From 2014 to 2020, 327,456 HB cases were reported in China. In general, the incidence rate of HB had shown a downward trend since 2014 (57,480 cases, 0.35/100,000 people), with the lowest in 2018, when 37,467 cases (0.22/100,000) were reported. Thereafter, the incidence increased slightly, and 46,884 cases (0.28/100,000) were reported in 2020. From 2014 to 2020, the average annual incidence of brucellosis in the Inner Mongolia Autonomous Region was the highest (3.47/100,000), followed by Ningxia (2.78/100,000), Xinjiang (1.93/100,000), Shanxi (1.13/100,000), and Heilongjiang (1.09/100,000). There are 50 cities with an annual average incidence rate greater than 1/100,000, all of which are in northern China. The incidence rate ranges from 7.71/100,000 in Tacheng, Xinjiang Uygur Autonomous Region, to 1/100,000 in Chengde, Hebei Province.
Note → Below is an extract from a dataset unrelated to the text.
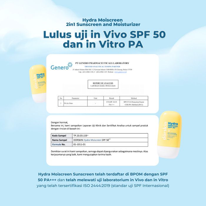 SPF PA CERTIFIED Dorskin Hydra Moiscreen SPF 50 PA+++ - Acne Friendly Sunscreen Moisturizer

Other cities with high incidence rates include Xing’an League (7.14/100,000), Xilingol League (6.13/100,000) and Tongliao City (5.50/100,000) in Inner Mongolia, Hami City (5.62/100,000) in Xinjiang, Altay Region (5.27/100,000) and Changji Hui Autonomous Prefecture (5.11/100,000), and Wuzhong City (5.32/100,000) in Ningxia (see Additional file 1). Compared with the annual average incidence rate of HB in 2014–2017, the annual average incidence rate of HB in 2018–2020 in some regions of the Qinghai Tibet Plateau, most regions of Xinjiang, Shaanxi, Shanxi, Henan, and Hebei in the middle, and Shandong, Beijing, and Tianjin in the east has significantly decreased. However, the incidence rate of brucellosis in eastern Tibet, central Gansu, and most parts of the Inner Mongolia Autonomous Region increased significantly (see Additional file 1).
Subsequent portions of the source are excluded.